To date, researchers have found no definitive evidence that organized warfare pre-dates the so-called Neolithic Revolution. Basic warfare, however, is known to have broken out soon after. A 2016 study, for example, concluded that a massacre took place some 10,000 years ago near Lake Turkana in Kenya, with the victims showing signs of bound hands, arrow wounds and fractured skulls.
“I consider this to be the most reliable early evidence of a massacre,” says Glowacki, who was not involved in the study. “These are hunter-gatherers, but with some food storage and likely lower mobility.” He points out that massacres require more coordination and planning than “tit-for-tat raiding,” that they’re “indicative of more severe war,” and that they tend to occur when humans transition from mobile to sedentary lifestyles.

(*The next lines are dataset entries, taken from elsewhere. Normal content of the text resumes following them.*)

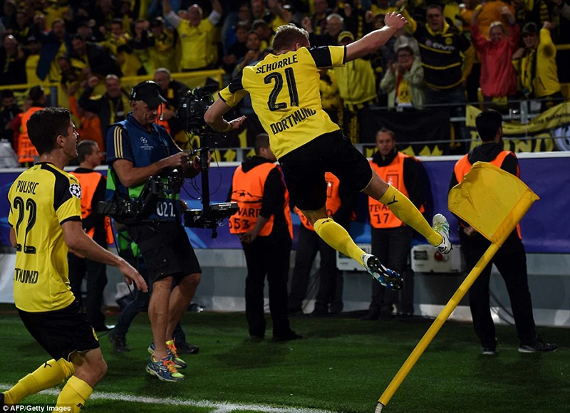 A.Schurrle ăn mừng bàn thắng khi có pha lập công giúp Dortmund vớt lại 1 điểm.
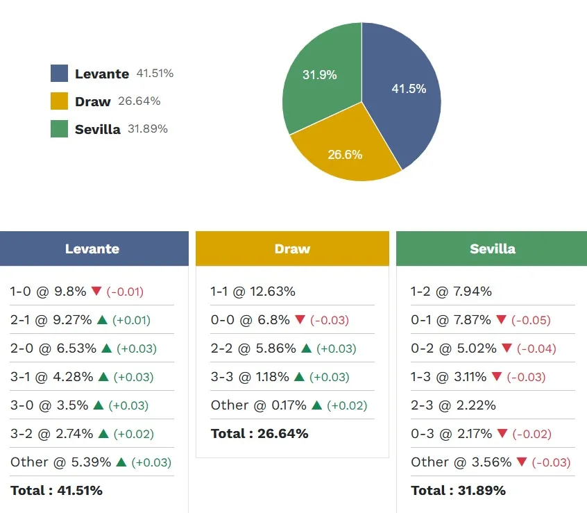Tỷ số khả dĩ nhất để Levante thắng là 1-0 với xác suất 9,8%. Các tỷ số có khả năng xảy ra tiếp theo là 2-1 (9,27%) và 2-0 (6,53%). Chiến thắng có khả năng xảy ra nhất của Sevilla là 2-1 (7,94%), trong khi tỷ số hòa là 1-1 (12,63%) – cũng là tỷ lệ dự đoán cao nhất trong các nhóm tỷ số.
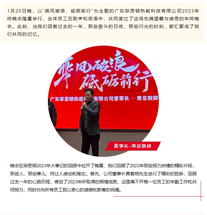乘風(fēng)破浪,砥礪前行|熱烈慶祝廣東菲思頓熱能科技有限公司2023年終晚會(huì)圓滿成功
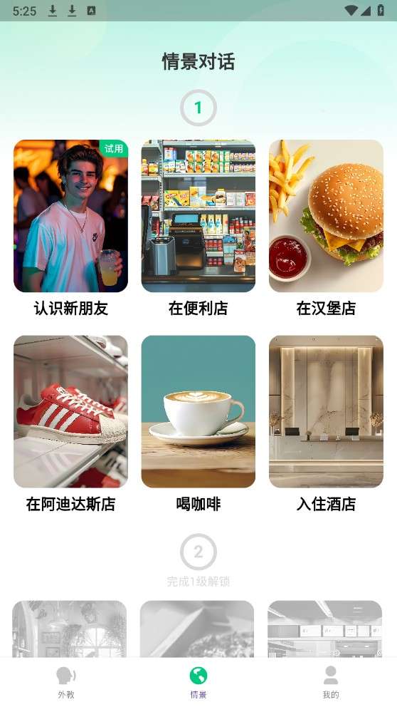 4、点击“情景”栏目,提供了很多的情景对话,方便用户进行练习。
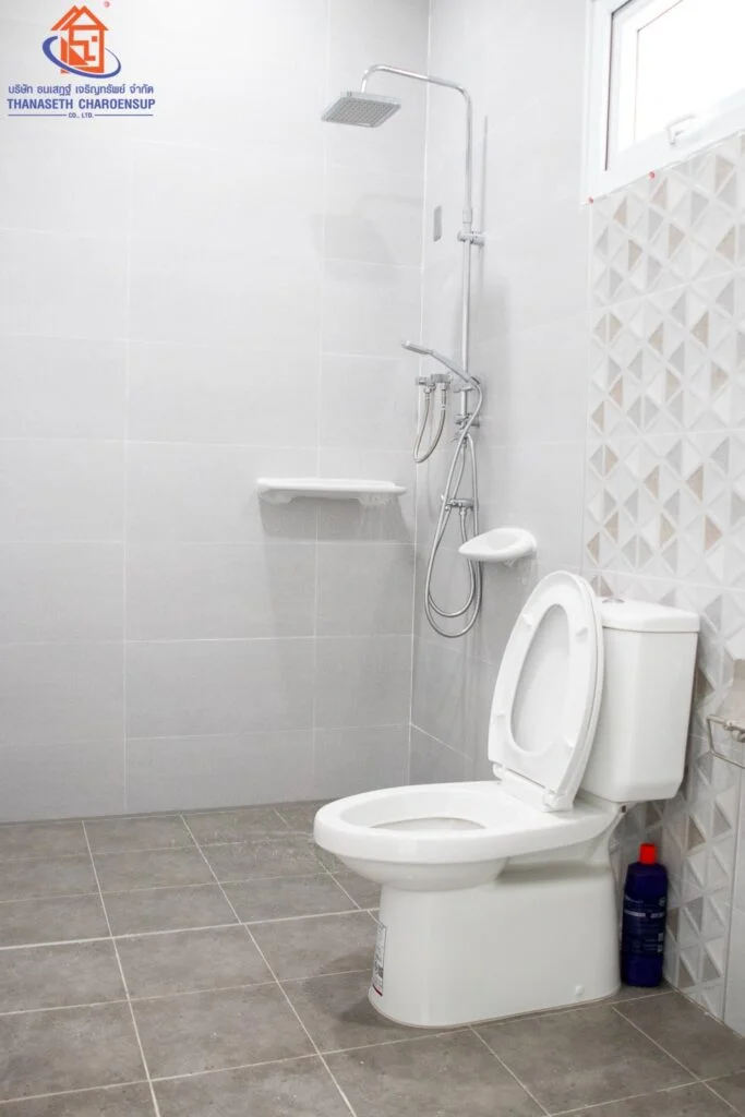 ห้องน้ำสวย สามารถออกแบบเองได้ พร้อมกระจกเทมเปอร์กั้นโซน เปียก/แห้ง
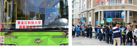 9月4日开始,学校10余辆迎新车就分别开往火车站24小时不间断的迎接新生。步入校园后,迎接他们的是全校师生饱满的热情和周到细致的服务,大学生志愿者热情帮助新生搬运行李,带着他们办理入学手续。引导员耐心细致的向家长和同学介绍着学校的一切。
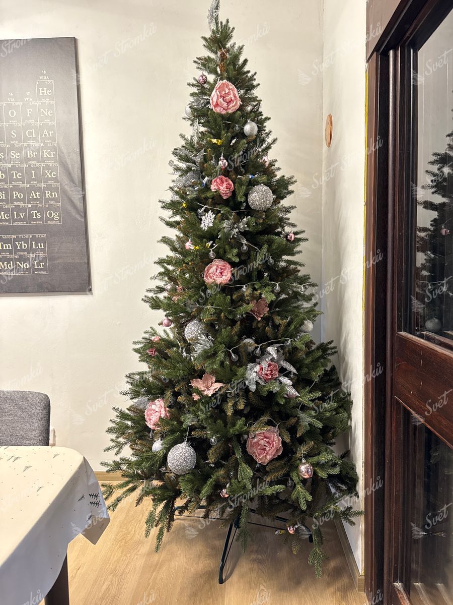 Realisticky vypadající 3D větvičky jsou uprostřed stromečku doplněné klasickými PVC větvičkami, což zabezpečuje hustotu stromečku. Celý stromek je vyroben z kvalitních materiálů.
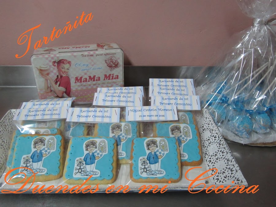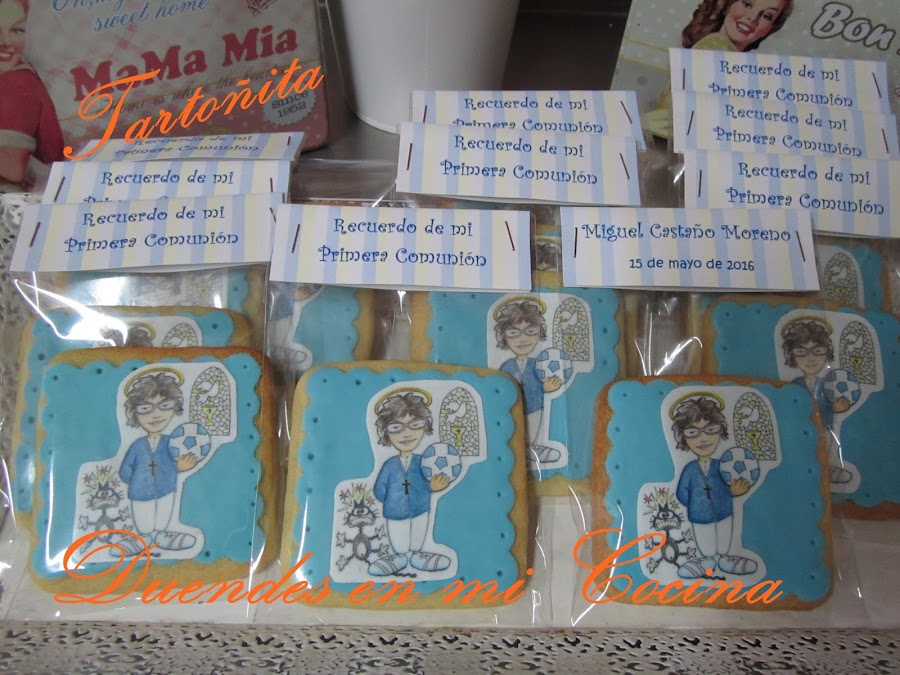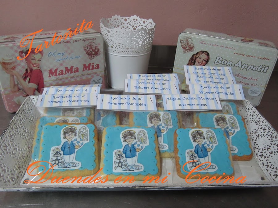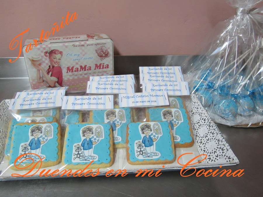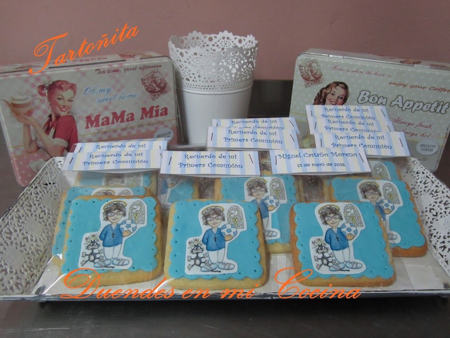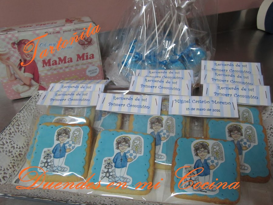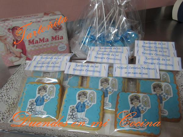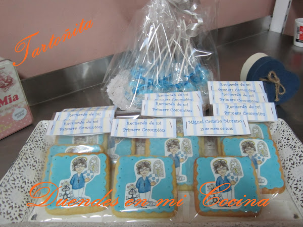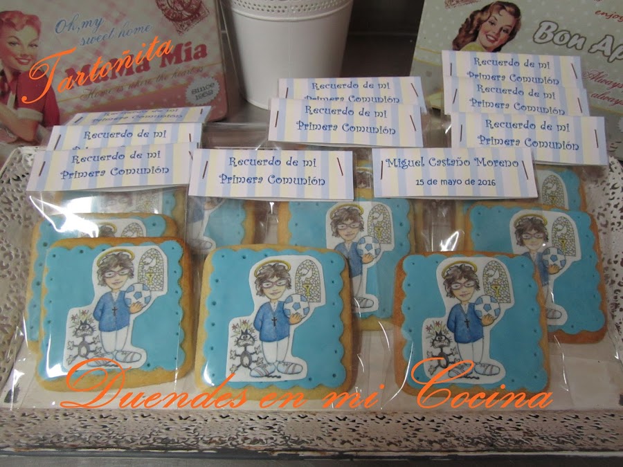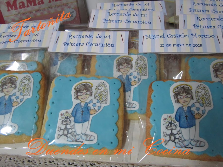 Otro trabajo realizado para una comunión, la comunión de Miguel, realizadas con galletas de mantequilla y la decoración sobre fondo de fondant una imagen a gusto de Miguel vestido de comunión realizada en papel de azúcar.
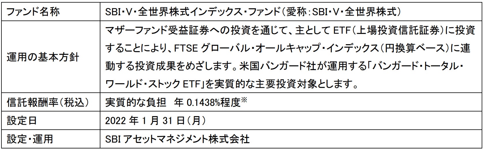 このたび、「顧客中心主義」の経営理念のもと、より幅広い選択肢を提供するべくSBIアセットマネジメントと協同し、2022年1月17日(月)から、新たに「SBI・V・全世界株式インデックス・ファンド(愛称:SBI・V・全世界株式)」の募集を開始します。同ファンドは、米国バンガード社が運用する「バンガード・トータル・ワールド・ストックETF」を実質的な主要投資対象とし、信託報酬率は同一分類のファンドを比較対象とした場合に業界平均を大きく下回る水準※2の0.1438%程度(年率/税込)です。

In present-day Germany, a massacre took place some 7,000 years ago, when attackers apparently tortured their victims—in part by breaking their shin bones—prior to killing them. Similar Neolithic massacres have been uncovered elsewhere in Germany and Austria, as well as in Croatia and France. Meanwhile, the inhabitants of Jericho, among the oldest cities in the world, built city walls around 8000 B.C., seemingly to keep out invaders.

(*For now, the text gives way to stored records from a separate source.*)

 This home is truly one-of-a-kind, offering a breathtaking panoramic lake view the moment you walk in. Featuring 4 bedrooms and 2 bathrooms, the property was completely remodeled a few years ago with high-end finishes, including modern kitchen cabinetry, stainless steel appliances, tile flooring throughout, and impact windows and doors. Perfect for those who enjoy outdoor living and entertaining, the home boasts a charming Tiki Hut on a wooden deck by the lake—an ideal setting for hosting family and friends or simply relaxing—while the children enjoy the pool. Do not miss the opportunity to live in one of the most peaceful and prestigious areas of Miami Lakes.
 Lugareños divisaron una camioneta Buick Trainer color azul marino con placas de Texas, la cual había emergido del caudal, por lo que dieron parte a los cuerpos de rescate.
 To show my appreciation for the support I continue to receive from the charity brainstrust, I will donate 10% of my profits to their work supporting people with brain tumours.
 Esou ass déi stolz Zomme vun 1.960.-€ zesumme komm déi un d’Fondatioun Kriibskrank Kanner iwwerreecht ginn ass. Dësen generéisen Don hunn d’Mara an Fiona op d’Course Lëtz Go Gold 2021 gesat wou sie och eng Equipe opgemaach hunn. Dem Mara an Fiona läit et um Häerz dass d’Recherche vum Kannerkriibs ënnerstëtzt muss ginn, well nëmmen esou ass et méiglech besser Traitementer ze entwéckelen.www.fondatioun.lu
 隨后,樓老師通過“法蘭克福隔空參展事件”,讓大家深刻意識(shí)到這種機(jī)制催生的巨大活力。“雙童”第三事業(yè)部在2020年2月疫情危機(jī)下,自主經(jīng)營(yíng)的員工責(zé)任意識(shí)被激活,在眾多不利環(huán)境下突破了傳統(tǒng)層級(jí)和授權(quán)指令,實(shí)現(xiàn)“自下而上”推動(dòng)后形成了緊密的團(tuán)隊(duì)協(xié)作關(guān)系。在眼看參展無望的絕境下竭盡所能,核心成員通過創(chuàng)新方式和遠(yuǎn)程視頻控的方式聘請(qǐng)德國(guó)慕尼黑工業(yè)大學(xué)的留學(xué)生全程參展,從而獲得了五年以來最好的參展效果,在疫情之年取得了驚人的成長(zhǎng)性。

As noted in a November 2023 study in the journal Scientific Reports, such Neolithic conflicts were presumed to be a “mixture of rapid assaults or short raids, generally lasting no more than a few days and affecting no more than 20 or 30 individuals.”
Extended Fighting Begins More Than 5,000 Years Ago
As it turns out, though, at least some later Neolithic fighting may have been more complex than previously realized, according to the study, which analyzed the skeletal remains of 338 individuals who died in northern Spain 5,400 to 5,000 years ago.

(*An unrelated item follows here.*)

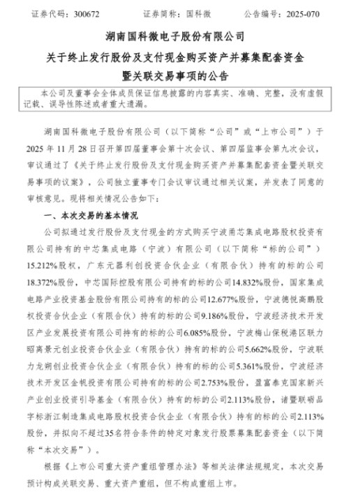 以湖南國科微電子股份有限公司(以下簡稱“國科微”)終止收購中芯集成電路(寧波)有限公司(以下簡稱“中芯寧波”)為例:2025年11月28日,采用無晶圓廠半導(dǎo)體公司商業(yè)模式的國科微宣布終止收購晶圓代工企業(yè)中芯寧波94.366%股權(quán)。中芯寧波專注于特色工藝代工,國科微原計(jì)劃通過此次交易,推動(dòng)其在高端濾波器、MEMS特種工藝代工等領(lǐng)域的布局,拓展智能手機(jī)、智能網(wǎng)聯(lián)汽車等下游市場,但因“交易相關(guān)事項(xiàng)無法在預(yù)計(jì)時(shí)間內(nèi)達(dá)成一致”,經(jīng)審慎評估后終止。
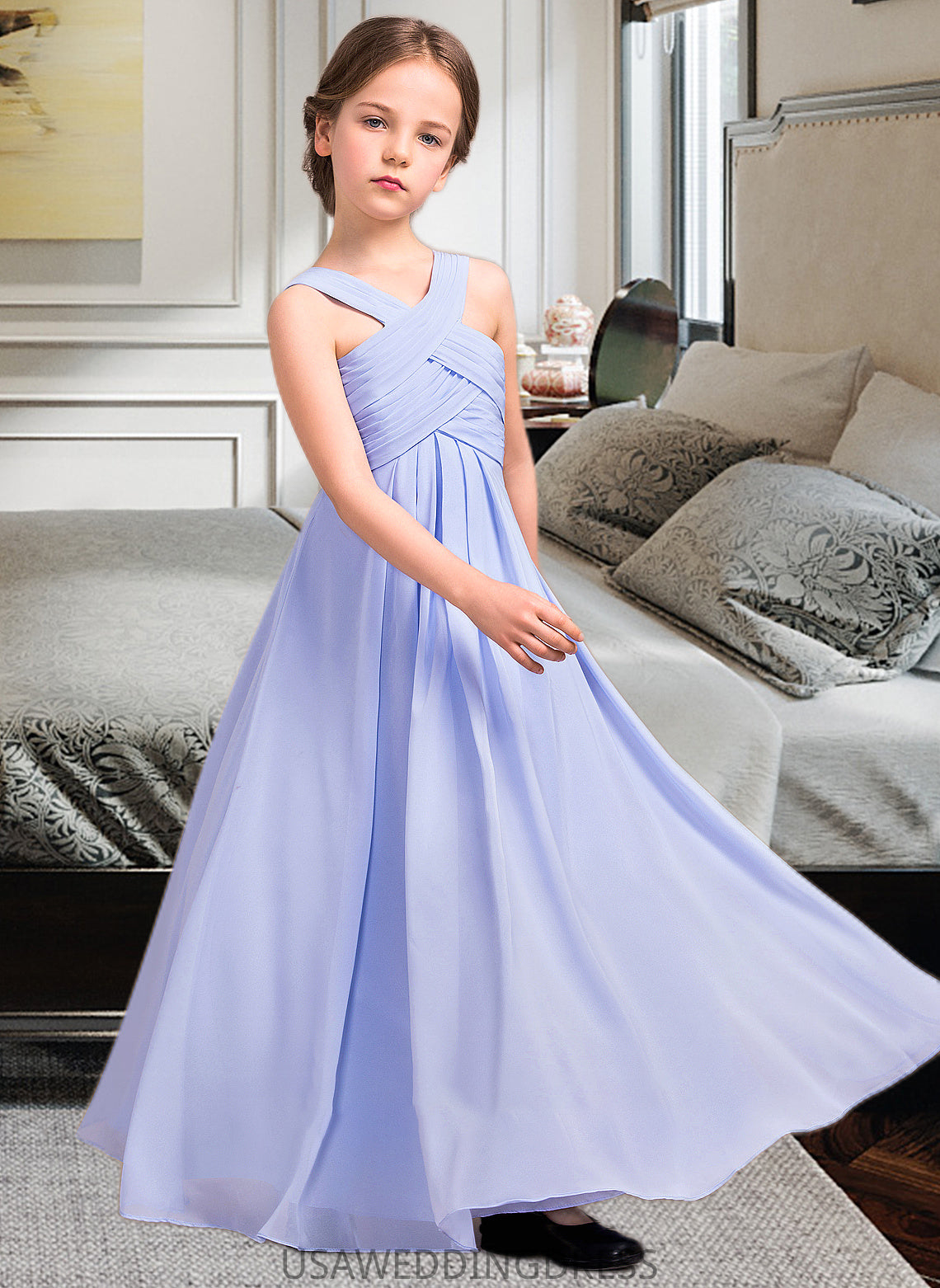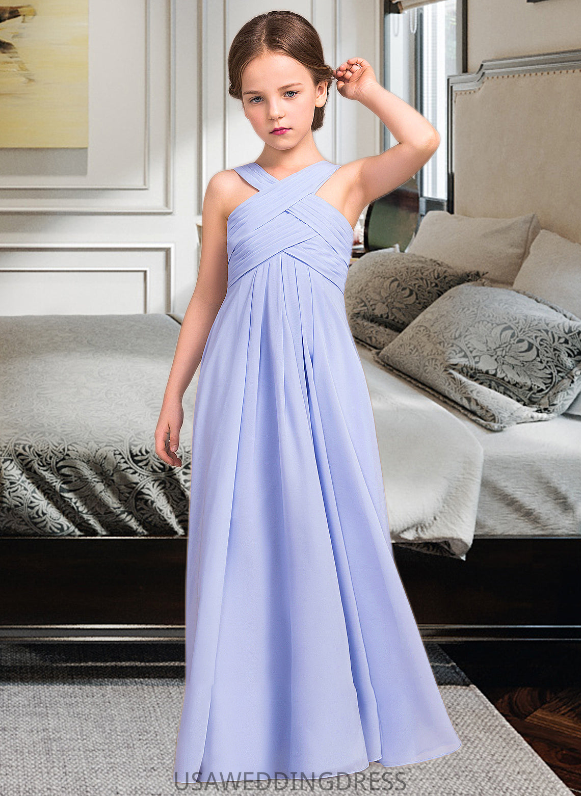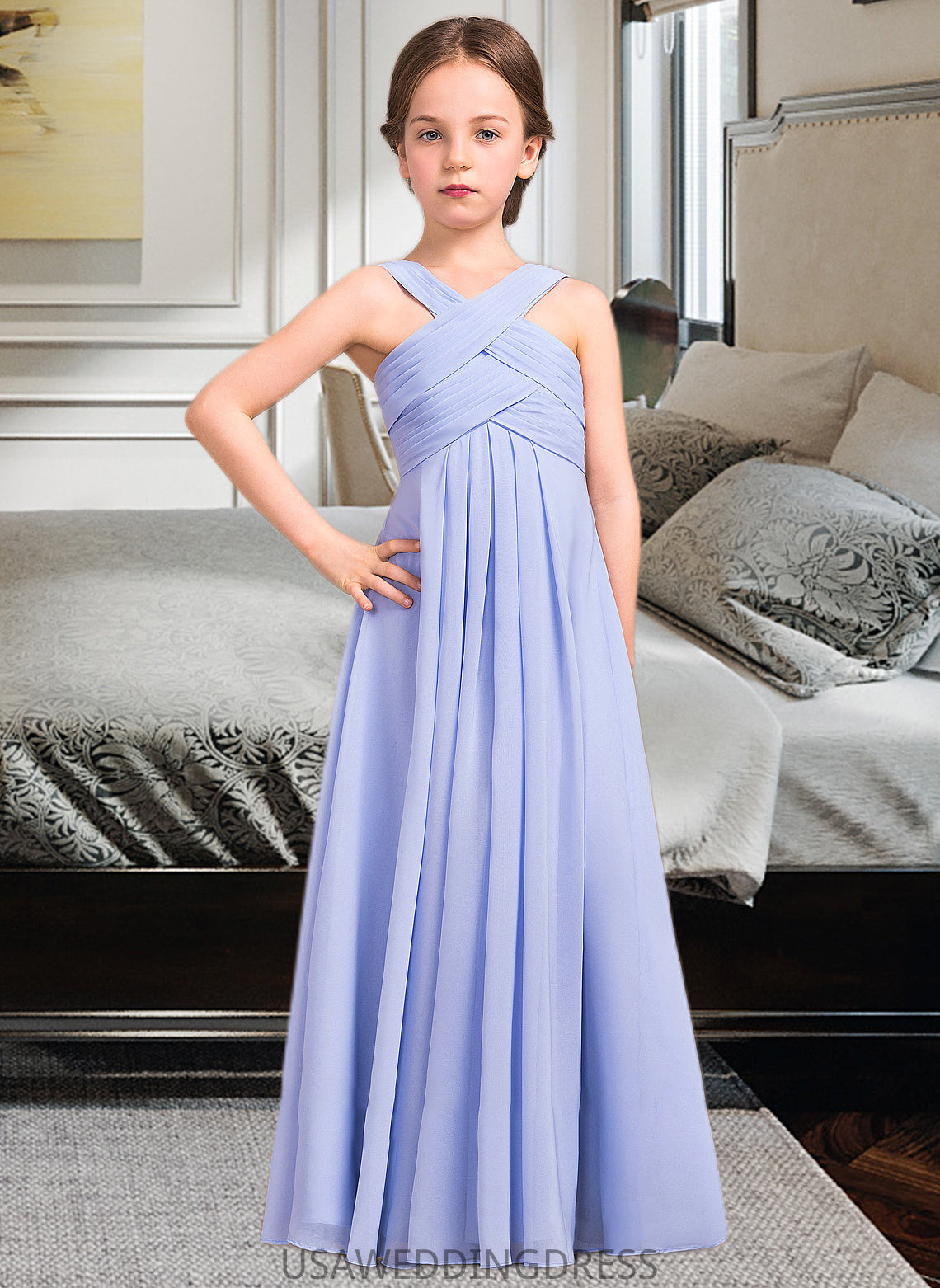 Pearl A-Line V-neck Floor-Length Chiffon Junior Bridesmaid Dress With Ruffle DSP0013501

These remains, accidentally unearthed by a bulldozer in 1985, were originally believed to constitute another Neolithic massacre. Yet by looking closer at the skeletal injuries—which disproportionately affected males and were largely non-fatal (something not observed at other Neolithic mass-fatality sites in Europe)—the study’s authors determined that a protracted struggle had lasted months or years.
“We think we are seeing the result of a regional inter-group conflict,” lead author Teresa Fernández-Crespo, an archaeologist at the University of Valladolid in Spain, tells HISTORY in an email. She adds that “resource competition and social complexity could have been a source of tension, potentially escalating into lethal violence.”